### [AVAILABLE DATA]
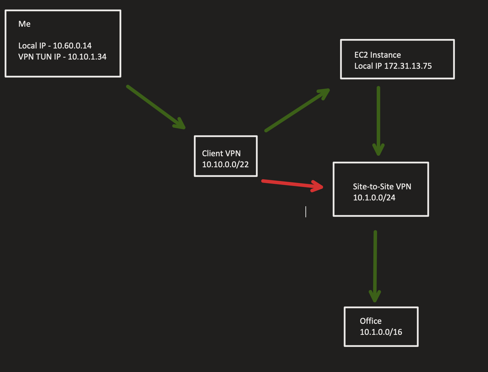 Jeg har statiske ruter for alle de involverede subnets i både S2S-konfigurationen og VPC’en, og jeg er rimelig sikker på, at jeg har konfigureret SG’er for alle relevante steder (EC2 og S2S). Kan du komme i tanke om noget, jeg overser?
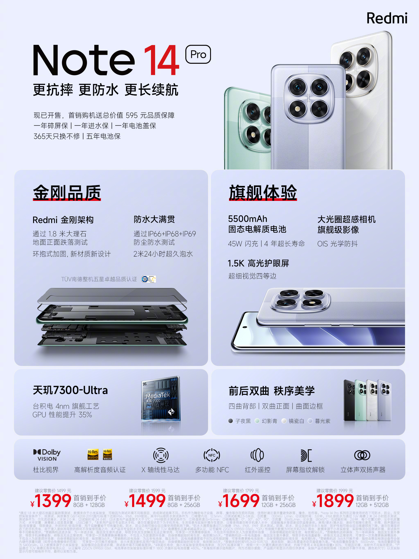 Redmi Note 14 Pro 首销期间,总价值 595 元保障免费送:
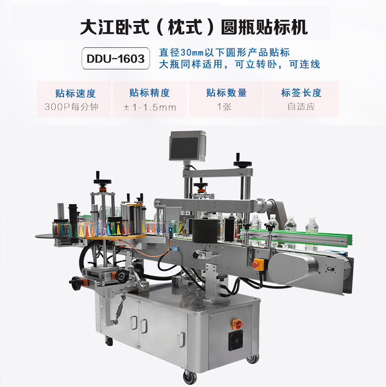 DDU-1604立式圓瓶貼標(biāo)機(jī) 適用范圍:用途廣泛!主要適用于醫(yī)藥、日化、食品等行業(yè)的圓柱形包裝容器的自動(dòng)貼標(biāo).該機(jī)拓展性強(qiáng)!可選配各類(lèi)打印機(jī)完成在線實(shí)時(shí)打印,可單機(jī)使用,亦能連接生產(chǎn)線使用主要性能結(jié)構(gòu)特點(diǎn):1、中英文觸控屏操作系統(tǒng),真正實(shí)現(xiàn)人機(jī)對(duì)話,操作簡(jiǎn)單易學(xué)…
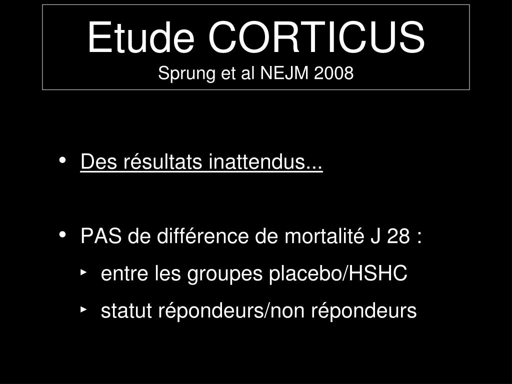 Etude CORTICUS Sprung et al NEJM 2008 • Des résultats inattendus... • PAS de différence de mortalité J 28 : • entre les groupes placebo/HSHC • statut répondeurs/non répondeurs
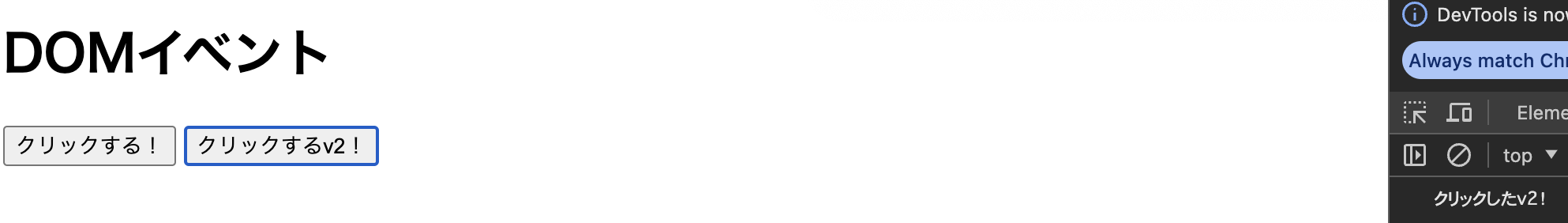 クリックする2!ボタンをクリックすると、console.logのクリックしたv2!が出力されているのを確認できます。

### [TASK REQUIREMENTS]
Copy out all of the data word for word. Do not carry over any picture.

### [YOUR RESPONSE]
 Jeg har statiske ruter for alle de involverede subnets i både S2S-konfigurationen og VPC’en, og jeg er rimelig sikker på, at jeg har konfigureret SG’er for alle relevante steder (EC2 og S2S). Kan du komme i tanke om noget, jeg overser?
 Redmi Note 14 Pro 首销期间,总价值 595 元保障免费送:
 DDU-1604立式圓瓶貼標(biāo)機(jī) 適用范圍:用途廣泛!主要適用于醫(yī)藥、日化、食品等行業(yè)的圓柱形包裝容器的自動(dòng)貼標(biāo).該機(jī)拓展性強(qiáng)!可選配各類(lèi)打印機(jī)完成在線實(shí)時(shí)打印,可單機(jī)使用,亦能連接生產(chǎn)線使用主要性能結(jié)構(gòu)特點(diǎn):1、中英文觸控屏操作系統(tǒng),真正實(shí)現(xiàn)人機(jī)對(duì)話,操作簡(jiǎn)單易學(xué)…
 Etude CORTICUS Sprung et al NEJM 2008 • Des résultats inattendus... • PAS de différence de mortalité J 28 : • entre les groupes placebo/HSHC • statut répondeurs/non répondeurs
 クリックする2!ボタンをクリックすると、console.logのクリックしたv2!が出力されているのを確認できます。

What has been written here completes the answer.